The connection rarely drawn
Now to the cross-link I find hardly anywhere in the literature, and which preoccupies me as a coach: when Collins says “First Who, Then What", then we have to ask: “Who" for what kind of organisation?
Because the colour of the organisation fundamentally determines which person thrives there and which one fails.
A person who shines in an orange achievement organisation, ambitious, competitive, career-conscious, may well fail in a teal self-managed organisation. Not because they are incompetent, but because the organisation demands something different: not assertion but letting go. Not control but trust. Not individual winning but collective growing.
Conversely, someone who blooms in a green, values-oriented organisation, consensus-oriented, empathetic, patient, will sink in an orange high-performance culture. The values are not wrong; the organisation simply does not reward this way of working.
So the “Who" in “First Who, Then What" is not an absolute category. It is relative to the colour of the organisation. The right people for an army are different from the right people for a family. And the right people for a machine are different from the right people for a living organism.
What this means for leaders
For leaders building teams, this insight has a very practical consequence: before you ask which competencies and experience a new team member must bring, ask yourself which colour your organisation has and which colour it wants to have.
If your organisation is in a transformation, say from Orange to Green or from Green to Teal, then you need people capable of co-creating that transition. Those are often not the people who were most successful in the old system.
And when you are looking for new members of your team, I recommend trusting your gut especially in the selection process. Sometimes a person fits perfectly on paper, but after the second conversation it doesn't feel right anymore. That feeling is often a signal that the values do not match the culture. My only advice: follow that feeling.
Equally, sometimes a CV gives you a good feeling even though some desired criteria are not met. My advice: meet them anyway. Because a team only becomes more than the sum of its members when a team spirit emerges that develops its own dynamics. That dynamic is worth orders of magnitude more than the individual competence of any single team member.
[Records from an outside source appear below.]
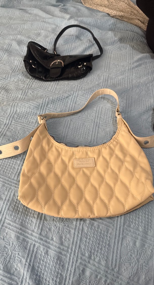 Bej renkli, kemerli ve kapitone desenli kadın çantası, yumuşak sentetik kumaştan üretilmiştir. Trendy sokak stiline ve günlük kullanıma uygundur.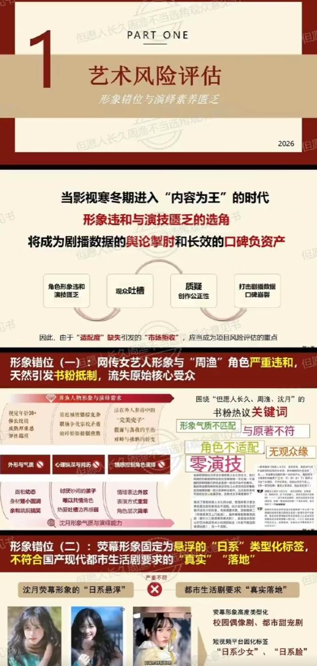 张晚意粉丝为为了拒绝沈月做了一份PPT! 看来张晚意是肯定会接《但愿人长久》这个剧本了,粉丝为了拒绝沈月出演女主,做了个超长APP,一看就很专业,还做了很多调研和分析,没几百块钱都做不出这样的APP,俩人还没合作上,就已经尴尬上了,作为一部家庭年代剧来说,对张晚意加成不大,他类似的作品有好几部,但是如果沈月接了,而且演技有突破的话,对她加成很大,她过往作品局限性很大,需要突破。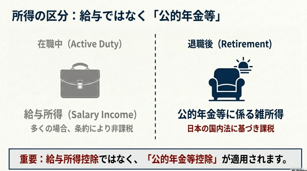 しかし、現役時代の給与が非課税であっても、退職後の「年金」については全く別の論理が適用されます。この点を見落とし、安易に非課税と判断して申告漏れが生じた場合、クライアントは多額の追徴課税という不利益を被ることになり、ひいては当事務所への信頼を損なう重大なリスクにつながります。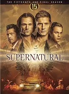 The fifteenth and final season of Supernatural, an American dark fantasy television series created by Eric Kripke, premiered on The CW on October 10, 2019.[1] The series was initially set to conclude on May 18, 2020, but a hiatus occurred after the March 23, 2020, episode owing to production delays caused by the COVID-19 pandemic in the United States.[2] The season resumed airing on October 8, 2020, and the series finale aired on November 19, 2020.[3] The season consisted of 20 episodes and aired on Thursdays at 8:00 pm (ET), with the exception of two March 2020 episodes aired Mondays at 8:00 pm.[4] This was the fourth season with Andrew Dabb and Robert Singer as showrunners. The season follows Sam, Dean, and Castiel's battle against God, who has been manipulating events in their lives including their family, friends, and allies. Angered by their decision to fight him, God jumpstarts the end of everything in creation.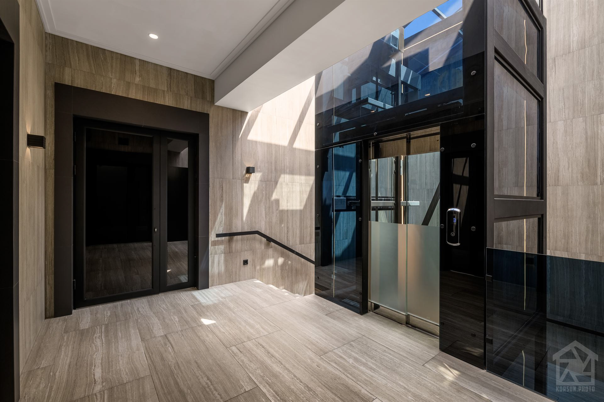 Насправді контрастний інтер'єр - від глибокого антрациту у холі до яскравих сонячних променів верхніх поверхів. Чіткі форми що грамотно підкреслені освітленням дозволили реалізувати кілька ракурсів де комерційне фото архітектури перетворюється на творчу абстракцію.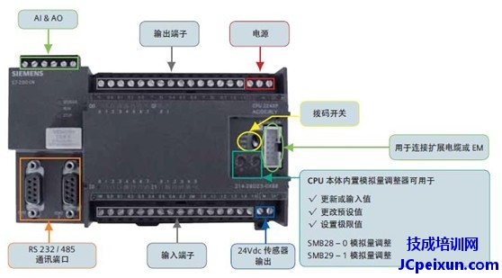我们可以看到CPU包括了RS485通讯口、可选卡插槽、CPU状态LED灯、数字量输入输出端子、I/O点状态LED灯、CPU电源端子、24VDC传感器输出端子、拨码开关、电位计和扩展模块接口等,如果是CPU224XP的话,还会有模拟量输入输出端子。对CPU结构,我们不仅要知道构造的名称和位置,还要了解各部分的功能。像知道通讯口的功能就是用来通讯,扩展模块接口就是用于连接下一个扩展模块,拨码开关就是用来切换运行或停止状态等等。
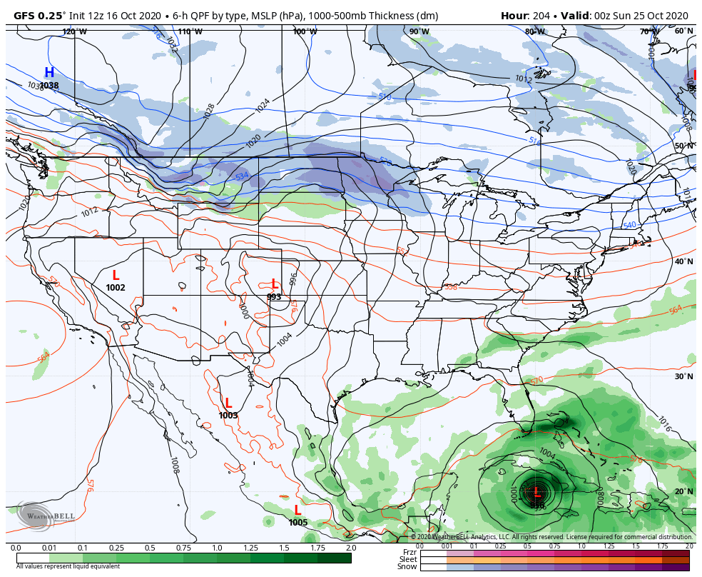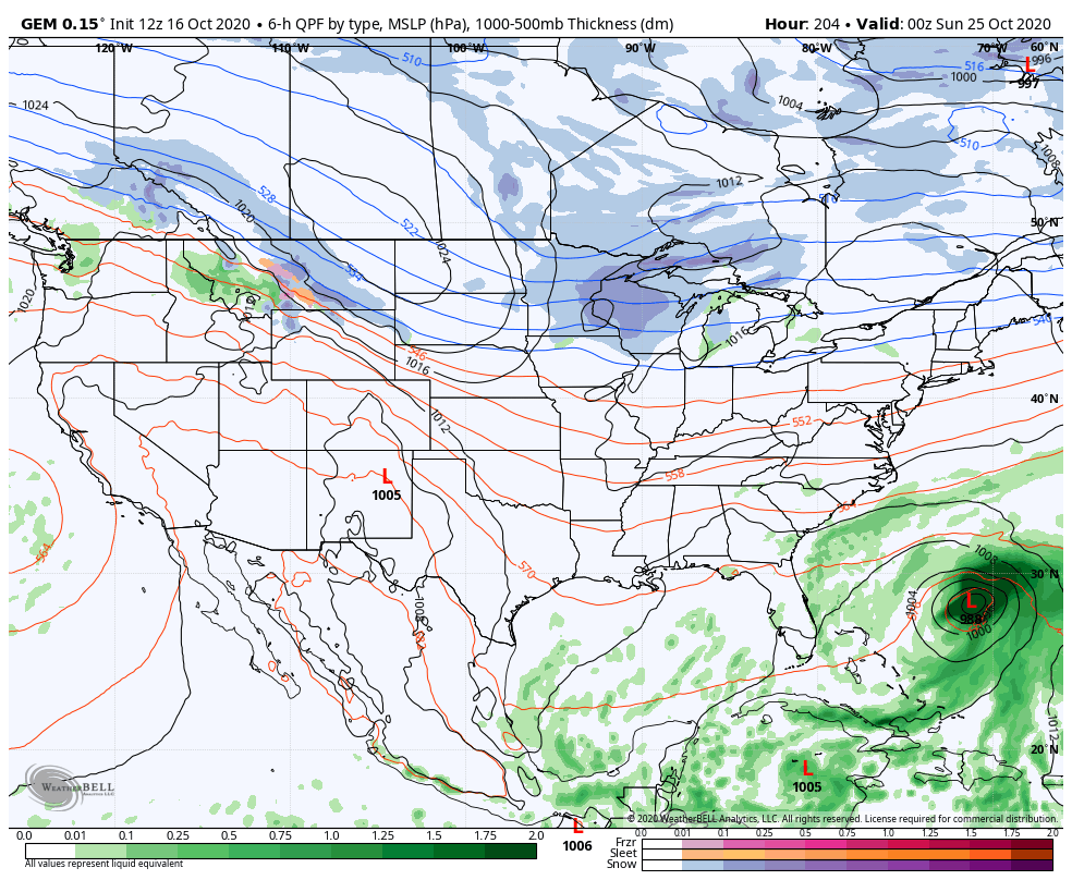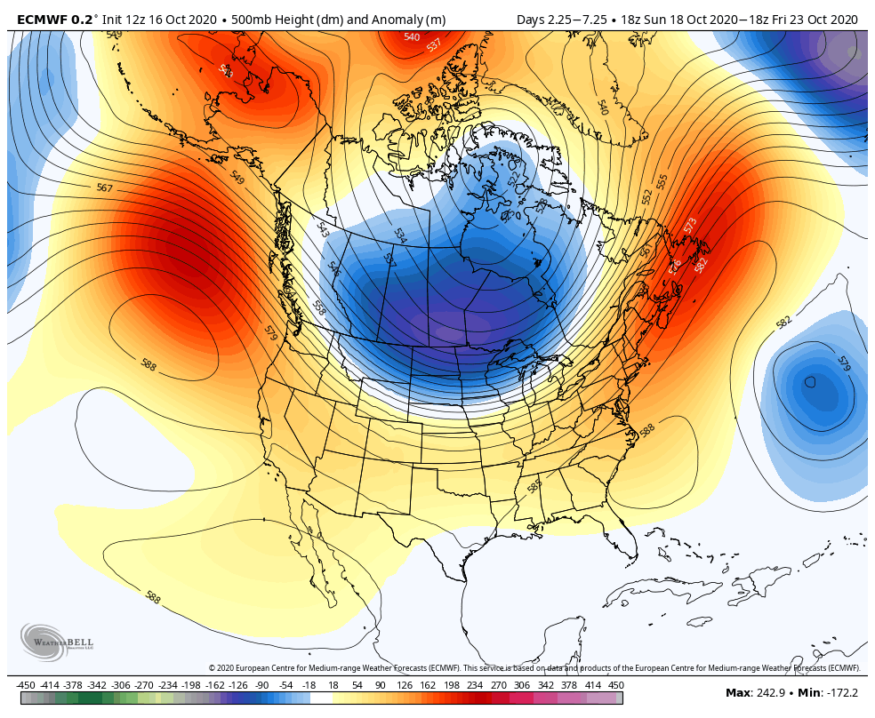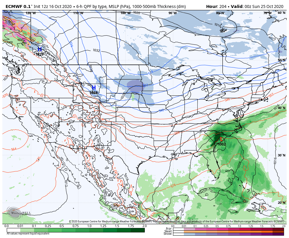 We’re 10 days away from this, so plenty of time to change exact locations and features. But the take-home message is that we’re going to be on a wild ride toward the end of the month. Until we get that bulldozing low pressure and polar air mass to stake its claim into northern U.S., snowmaking opportunities look minimal at best. This system doesn’t necessarily have to knock out power, uproot trees and pummel us, it just has to be strong enough to allow space for the cold air to come in. It could go entirely offshore. However, there is consensus that we should be seeing a strong system, whether it hits us head on or not, to change the pattern in the last week of the month. This, of course, is contingent on the tropics shutting down as well. As long as the tropics remain active, cold air will struggle to move south, and stay south, for any prolonged period of time.

In football you see it regularly: nominally weaker teams are suddenly extraordinarily successful, while squads bought together full of superstars fail to win the Champions League.
Further reading
- Jim Collins: Good to Great (HarperBusiness 2001) – Source of the "First Who, Then What" principle from research on top-performing companies.
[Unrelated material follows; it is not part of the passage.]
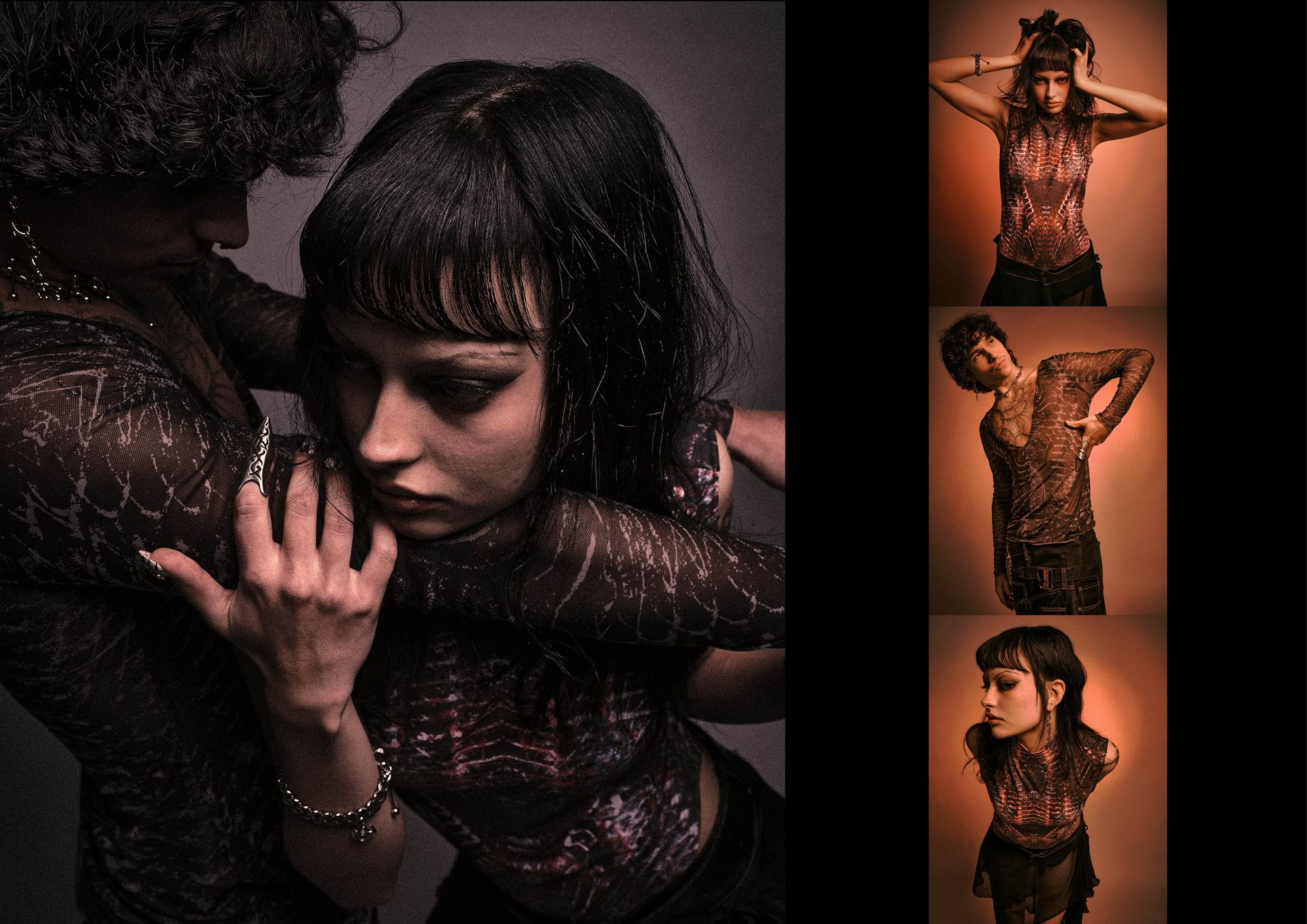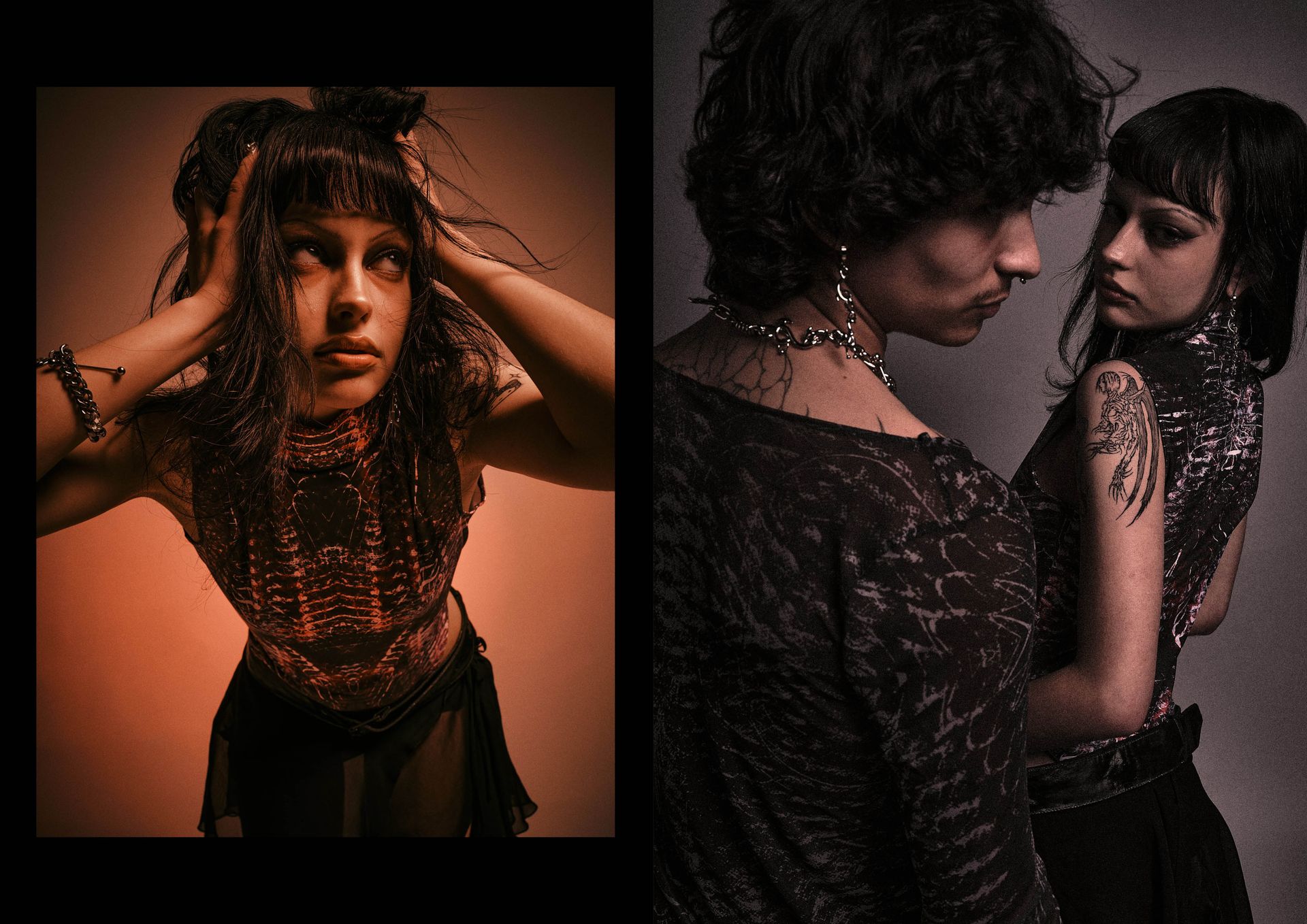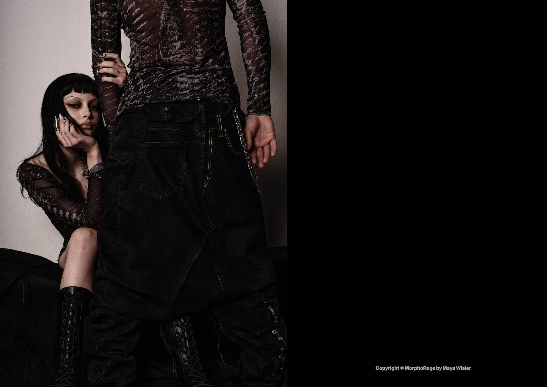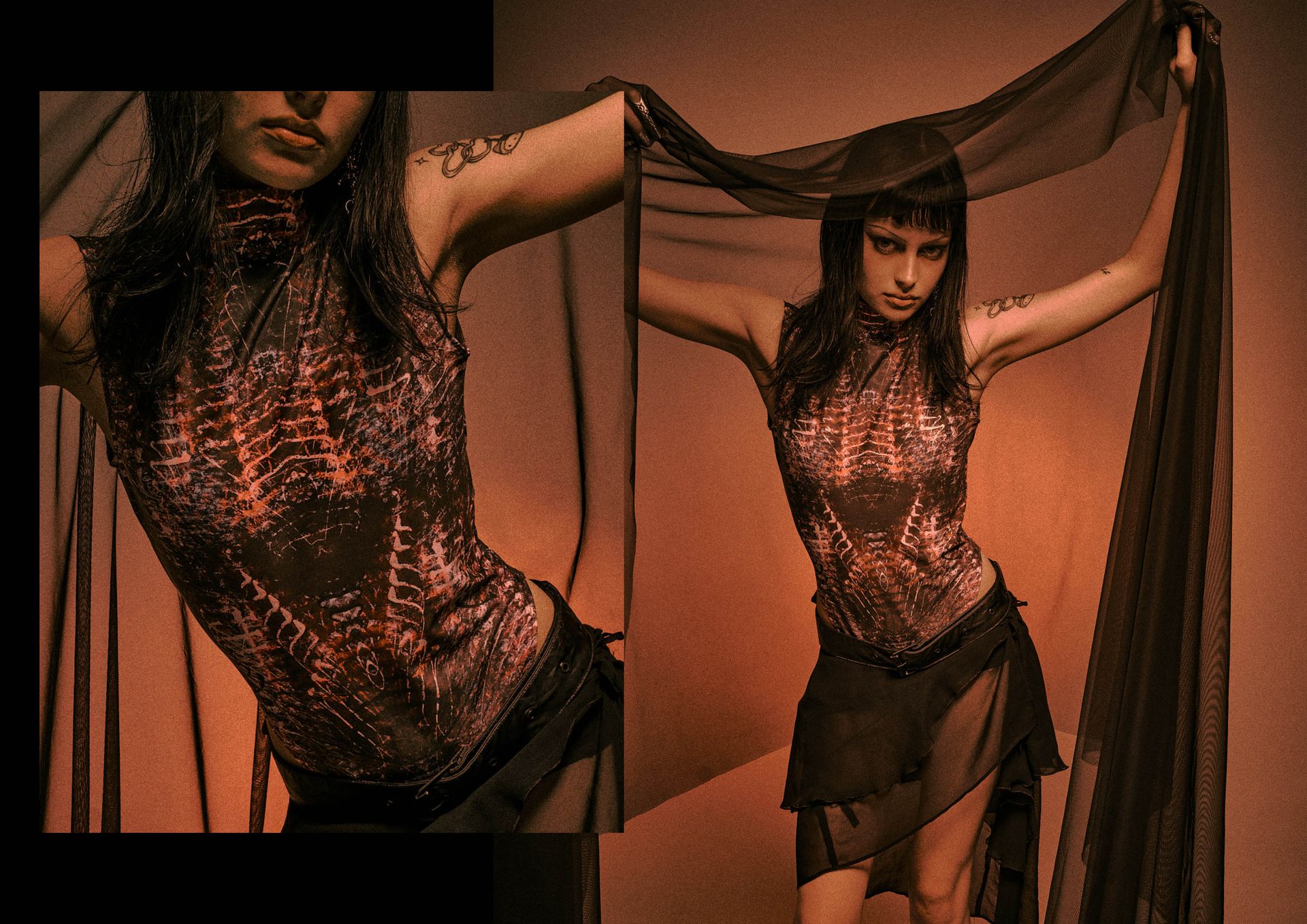 «A travers cette enveloppe corporelle, la matière se construit dans une danse obscure et rythmée. Cette seconde peau sonne les échos d’une âme déchirée, et le silence hurle. Les ténèbres s’embrassent, se consument dans un tourbillon de mystères profonds. C’est dans ce chaos sombre et hypnotique que se cache la beauté cruelle du néant.On a tous une part d’obscurité, il suffit de la dompter et de la sublimer.

- Frederic Laloux: Reinventing Organizations (Nelson Parker 2014) – Official source on the colour model; the illustrated version is a good entry point.
- My book Peter mag keinen Frosch zum Frühstück (Amazon) – This article is based on a chapter from it.
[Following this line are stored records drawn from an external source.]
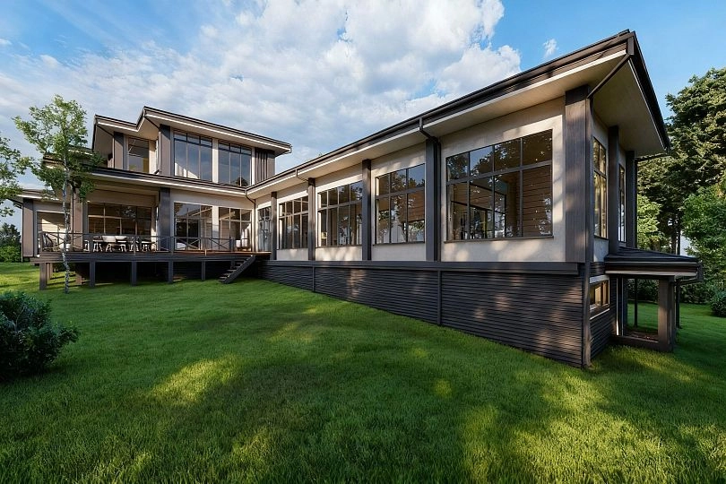 Внешняя чистовая отделка: покраска и герметизация дома, монтаж и подшив свесов кровли, укладку полов и террас, установку наличников и иные работы для доведения дома под ключ.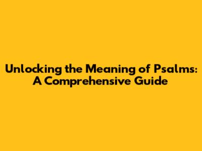 So go ahead, dive in! Unlock the meaning of the Psalms, and discover the treasures that await you.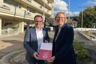 Staatssekretärin Simone Schneider hat dem Bürgermeister der Verbandsgemeinde und der Stadt Bad Breisig, Marcel Caspers, einen Förderbescheid aus dem rheinland-pfälzischen Investitionsstock in Höhe von rund 800.000 Euro überreicht.

Frequently asked questions
- What does Jim Collins mean by “First Who, Then What”?
- In “Good to Great” (2001), Jim Collins describes how the most successful companies first get the right people on the bus and only then decide together where to drive – not the other way around. The decisive variable for sustained success is not the strategy, but who is on the team.
- What are Frederic Laloux' colours of organisations?
- In “Reinventing Organizations”, Laloux describes developmental stages: Red (impulsive, wolf pack), Amber (conformist, army), Orange (achievement-driven, machine), Green (pluralistic, family), and Teal (evolutionary, living organism). No stage is better than another – each fits a context.
- How are Collins and Laloux connected?
- Collins says: first the right people. Laloux adds: who is “right” depends fundamentally on the colour of the organisation. A person who shines in an orange achievement culture may fail in a teal self-managed organisation – not from incompetence, but because the system demands a different posture.